Cycles can result in infinite loops
sub-trees can be traversed multiple times

Files have multiple absolute file names
Deleting files becomes a lot more complicated(i.e. links may no longer point to a file, inaccessible cycles may exist)
A garbage collection scheme may be required to remove files that are no longer accessible from the file system tree (that are part of a cycle only)

Directories(possible implementations)

Directories contain a list of human readable file names that are mapped onto unique identifiers and disk locations
Retrieving a file comes down to searching a directory file as fast as possible:

A simple random order of directory entries might be insufficient (search time is linear as a function of the number of entries)
Indexes or hash tables can be used

They can store all file related attributes (e.g. file name, disk address – Windows) or they can contain a pointer to the data structure that contains the details of the file (Unix)
Directories are special files that group files together and of which the structure is defined by the file system

A bit is set to indicate that they are directories!

Implementation View

Low level formatting writes sectors to the disk, high level formatting imposes a file system on top of this (using blocks that can can cover multiple sectors)

Partitions

Disks are usually divided into multiple partitions, and an independent file system may exist on each partition
Master Boot Record is located at start of the entire drive:

Used to boot the computer(BIOS reads and executes MBR)
Contains partition table at its end with active partition
One partition is listed as active containing a boot block to load the operating system

The layout of a partition differs depending on the file system, for a UNIX partition contains:

The partition boot block: contains code to boot the operating system; Every partition has boot block-even if it does not contain OS
Super block contains the partition’s details, e.g. partition size, number of blocks, I-node table size
Free space management contains e.g. a bitmap or linkedlist that indicates the free blocks
I-nodes: an array of data structure, one per file, telling all about the files
Root directory: the top of the file-system tree
Data: files and directories

Free space management

Two methods are commonly used to keep track of free disk space: bitmaps and linked lists
Bitmaps:
Bitmaps represent each block by a single bit in a map

the size of the bitmap grows with the size of the disk but is constant for a given disk
Bitmaps take comparably less space than linked lists

Linked List:
A Linked List of disk blocks (also known as Grouping)
We use free blocks to hold the numbers of the free blocks (hence, they are no longer free).

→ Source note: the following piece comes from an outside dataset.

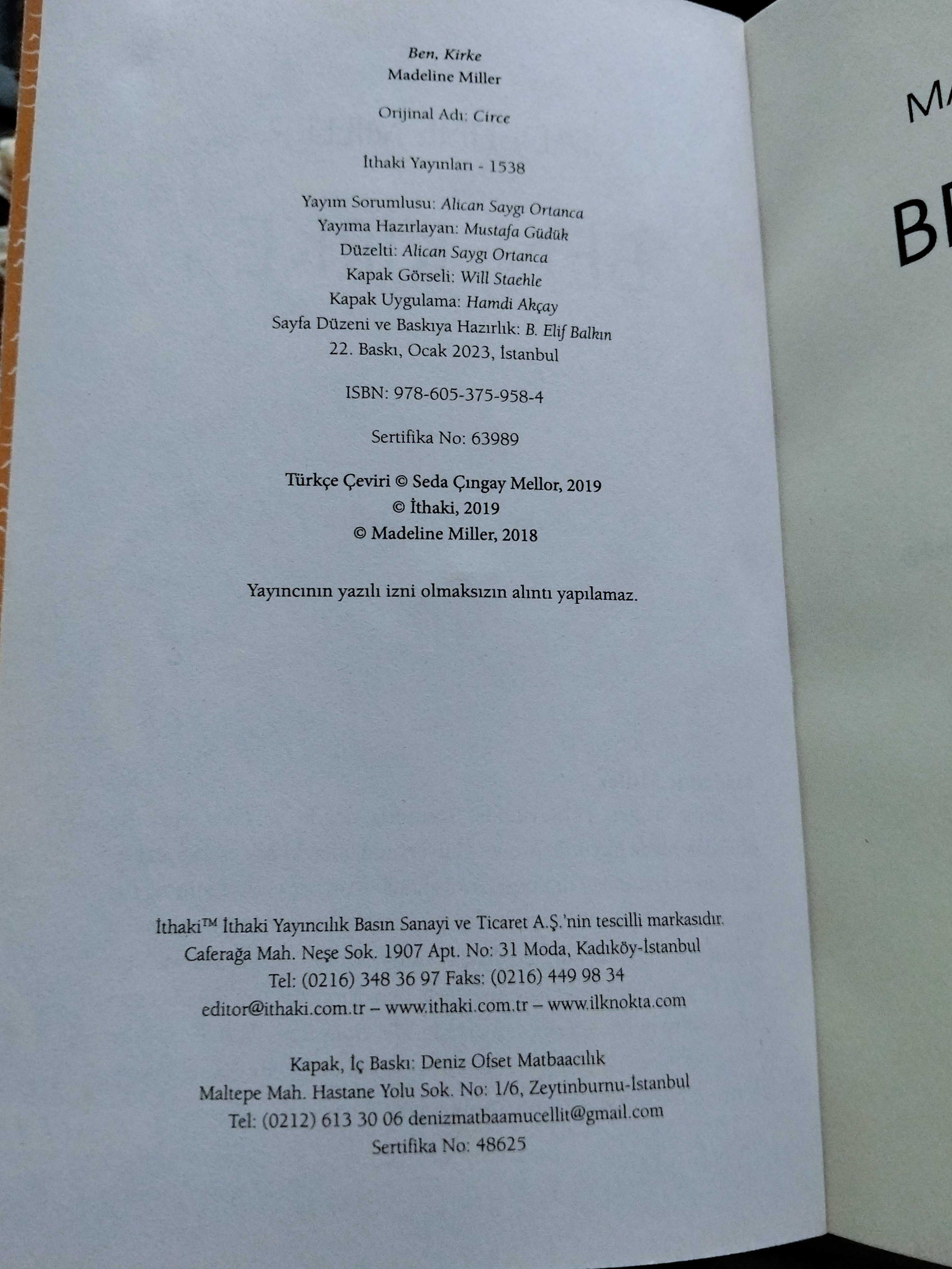 BEN,KİRKE, Madeline MILLER tarafından kaleme alınmıştır. Kitap 2023 yılında İTHAKİ YAYINEVİ tarafından [İstanbul] 9786057762931 ISBN kodu ile yayınlanmıştır. Bu baskının çevirisi Seda Çıngay MELLOR tarafından yapılmıştır. 408 sayfadır. BEN,KİRKE adlı eser Türkçe dilindedir.

E.g. with a 1KB block a 32-bit disk block number, each block will hold 255 free blocks (one for the pointer to the next block).
Blocks are linked together, i.e., multiple blocks list the free blocks
The size of the list grows with the size of the disk and shrinks with the size of the blocks
Linked lists can be modified by keeping track of the number of consecutive free blocks for each entry (known as Counting)
Bitmaps vs Linked Lists
keep bitmap in main memory is possible only for small disks but not big
e.g. if block size = 2^12 bytes and disk size is 1GB(2^30 bytes), bitmap size = 2^30/2^12 = 2^18 = 32KB
In terms of linked list, there is no waste of disk space, we only need to keep it in memory one block of pointers(load a new block when need)

File tables

Apart from the free space memory tables, there is a number of key data structure stored in memory:

An in-memory mount table
An in-memory directory cache of recently accessed directory information
A system-wide open file table, containing a copy of the FCB for every currently open file in the system, including location on disk, file size, and ‘open count’(number of processes that use the file)
A per-process open file table, containing a pointer to the system open file table

The open(file name) system call first searches the system-wide open file table to see if the file is already in use by another process.
If it is, a per-process open file table entry is created pointing to the existing system-wide open file table.
If the file is not already open, the directory structure is searched for the given file name. Once the file is found, the FCB is copied into a system-wide open file table in memory. This table not only stores the FCB but also tracks the number of processes that have the file open.
When reading a file, it search on per-process open file table and then follow the pointer to the system open file table.

File System 3

The layout of the file system and the file allocation method used by the operating system heavily influences the seek movements

contiguous files will result in many short head movements

While disk scheduling could be implemented in the controller, carrying it out in the OS means that the OS can prioritise/order request as appropriate

File access(Sequential vs Random access)

Contiguous Allocation

Contiguous file systems are similar to dynamic partitioning in memory allocation:

Each file is stored in a single group of adjacent blocks on the hard disk
e.g. 1KB blocks, 100KB file, we need 100 contiguous blocks

Allocation of free space can be done using first fit, best fit, next fit, etc
enter image description here

Advantages:

simple to implement: only location of the first block and the length of the file must be stored(in the directory entry)
Optimal read/write performance: blocks are co-located/clustered in nearby/adjacent sectors, hence the seek time is minimised

Disadvantages:

The exact size of a file(process) is not always known beforehand: what if the file size exceeds the initially allocated disk space
Allocation algorithms needed to decide which free blocks to allocate to a given file(first fit, best fit, etc)
Deleting a file results in external fragmentation: de-fragmentation must be carried out regularly( and is slower than for memory)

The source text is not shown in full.